Wer Aufklärung erwartet hatte, wurde maßlos enttäuscht. Im zweiten Teil des Interviews von Ex-Radstar Lance Armstrong durch Talkmasterin Oprah Winfrey wurde zwar den Befindlichkeiten des ehemals siebenfachen Tour-de-France-Siegers viel Platz eingeräumt. Zu Details seines Dopinggebrauchs, zu Hintermännern und Mitwissern jedoch erfuhr man nichts. Der sich reuig gebende Armstrong nannte keine Namen, aber er wurde von Winfrey auch gar nicht erst danach gefragt.

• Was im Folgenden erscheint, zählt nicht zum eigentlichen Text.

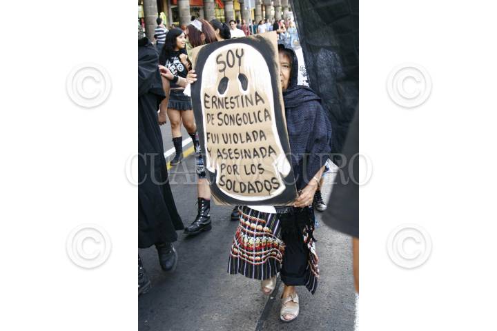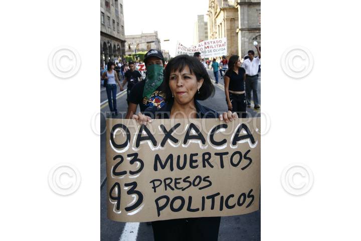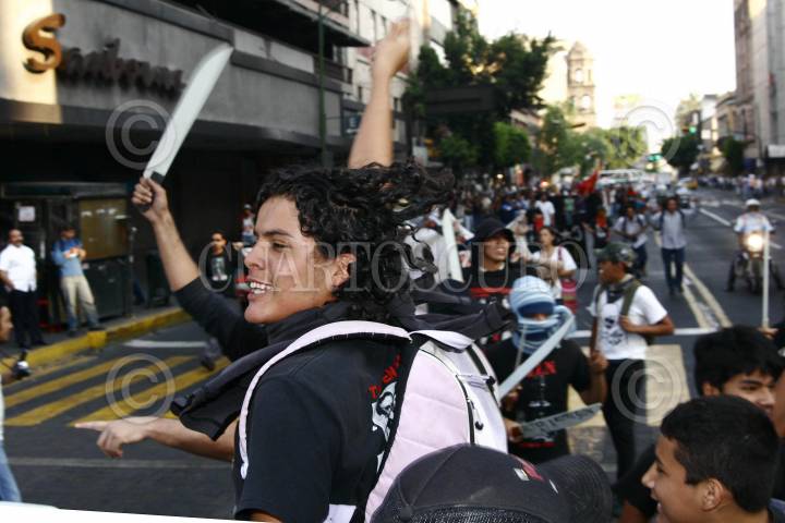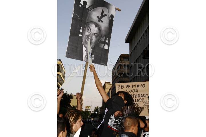 GUADALAJARA, JALISCO. MEXICO., 28 MAYO 2007.- Altermundistas y globalifobicos conmemoraron el tercer aniversario del enfrentamiento que tuvieron con la fuerza publica en el marco de la tercera cumbre de Jefes de estado de América Lantina El Caribe y la Unión Europea. En la manifestación se exigió que el actual Secretario de Gobernación el entonces gobernador de Jalisco Francisco Javier Ramirez Acuña sea castigado por los abusos que cometieron los Policias. FOTO: JOSE MARIA MARTINEZ/CUARTOSCURO.COM
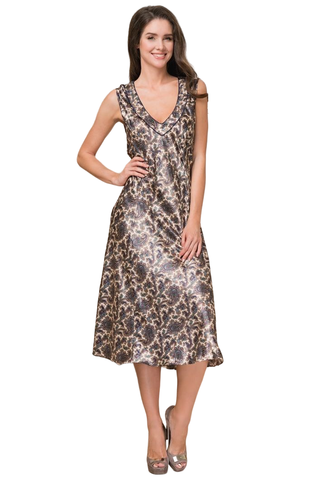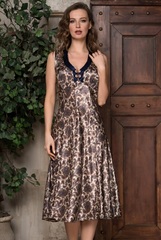 Длинная сорочка Mia-Amore на широких бретелях выполнена из принтованного смесового шелка. Фигурный вырез выполнен из однотонного шелка. По центру оригинальная застежка под золото. Рельефные швы подчеркивают изгибы фигуры. Состав 70% натуральный шелк, 25% полиэстер, 5% эластан
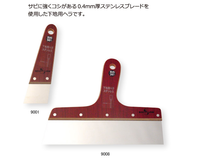 下地処理 ステンレス地ベラ ハガネ地ベラ フッ素加工パテベラ しなるパテベラ ゴールドパテベラ SS下地用ステンレスヘラ SS下地用ハガネヘラ SSフッ素加工パテベラ SSしなるパテベラ SSゴールドパテベラ 内装工具、DIY商品製造販売のご相談、お問い合わせは… TEL:0256-33-1429FAX:0256-32-0399 株式会社坂爪製作所 〒955-0044 新潟県三条市田島2丁目21番2号

Stattdessen hatte der 41-Jährige ausreichend Zeit, über seine Gefühlslage Auskunft zu geben. Die über ihn verhängte lebenslange Sperre als Sportler nannte er die "Todesstrafe" und sagte: "Ich habe sicherlich Strafe verdient. Ich bin mir aber nicht sicher, ob es die Todesstrafe sein muss." Winfrey ließ dies unkommentiert.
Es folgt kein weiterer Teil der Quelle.